Gottschalk Byron H, Garcia-Niebla Javier, Anselm Daniel D, Glover Benedict, Baranchuk Adrian
Department of Cardiology, Kingston General Hospital, Queen's University, Kingston, Ontario, Canada.
Sanitary Services of the Salud de El Hierro Area, Valle del Golfo Health Center, Canary Island, Spain.

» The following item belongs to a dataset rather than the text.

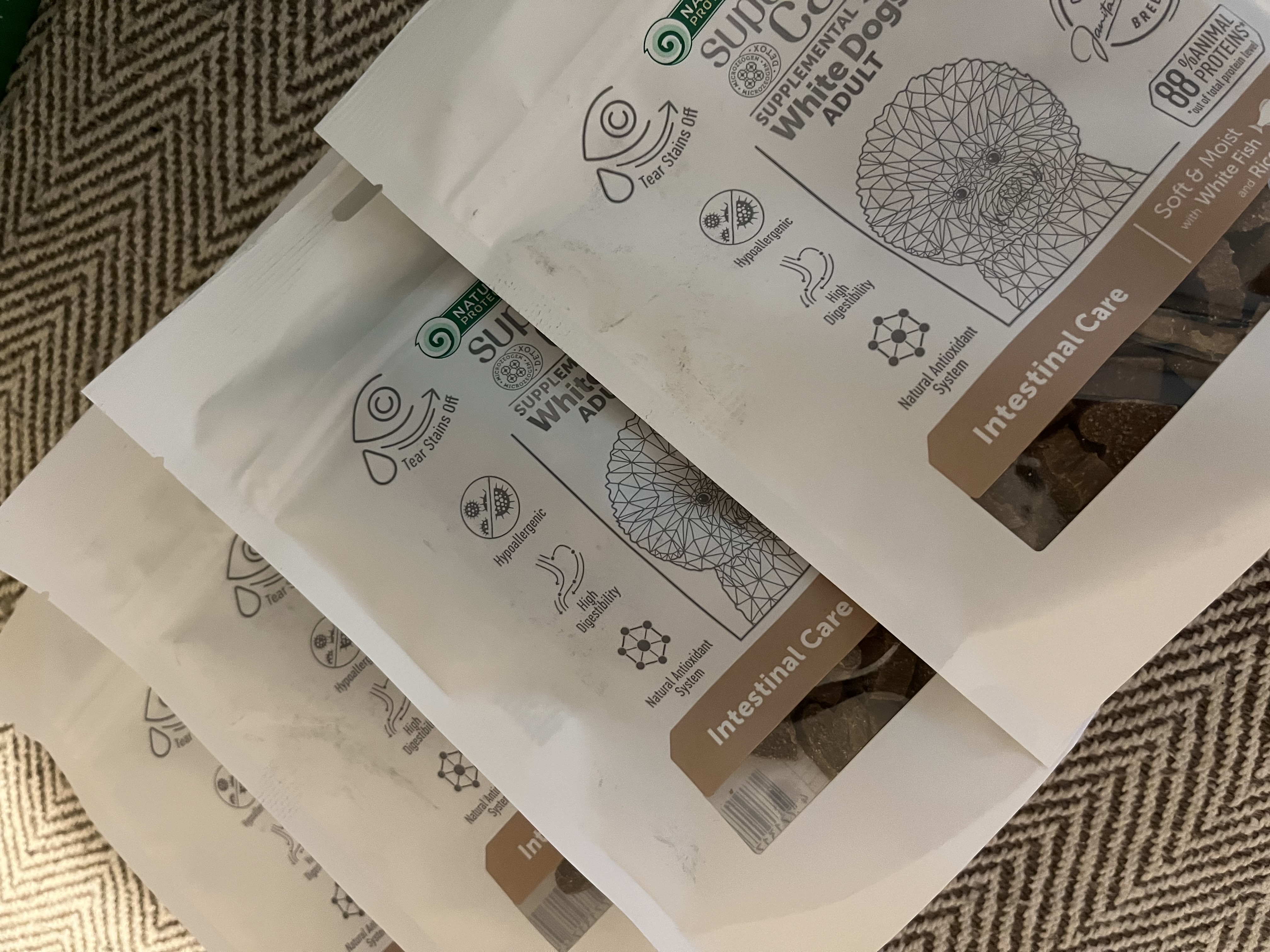 Корми з лінійки Nature’s Protection Superior Care White Dogs підходять усім собакам, незалежно від забарвлення шерсті та не впливають на її колір. Ця серія кормів була розроблена спеціально для усунення коричневих плям від сліз, які найпомітніші саме на білій і світлій шерсті вихованців. Проте включення цього корму до раціону собак із темним забарвленням шерсті не призводить до її висвітлення або зміни кольору.

Ann Noninvasive Electrocardiol. 2016 Mar;21(2):210-3. doi: 10.1111/anec.12317. Epub 2015 Nov 2.
Brugada syndrome (BrS) is an inherited channelopathy that predisposes individuals to malignant arrhythmias and can lead to sudden cardiac death. The condition is characterized by two electrocardiography (ECG) patterns: the type-1 or "coved" ECG and the type-2 or "saddleback" ECG. Although the type-1 Brugada ECG pattern is diagnostic for the condition, the type-2 Brugada ECG pattern requires differential diagnosis from conditions that produce a similar morphology. In this article, we present a case that is suspicious but not diagnostic for BrS and discuss the application of ECG methodologies for increasing or decreasing suspicion for a diagnosis of BrS.
布加综合征(BrS)是一种遗传性离子通道病,使个体易患恶性心律失常,并可导致心源性猝死。该病具有两种心电图(ECG)模式:1型或“穹窿型”ECG和2型或“马鞍型”ECG。虽然1型布加综合征ECG模式可诊断该病,但2型布加综合征ECG模式需要与产生相似形态的疾病进行鉴别诊断。在本文中,我们介绍了一例疑似但不能确诊为布加综合征的病例,并讨论了ECG方法在增加或降低布加综合征诊断怀疑度方面的应用。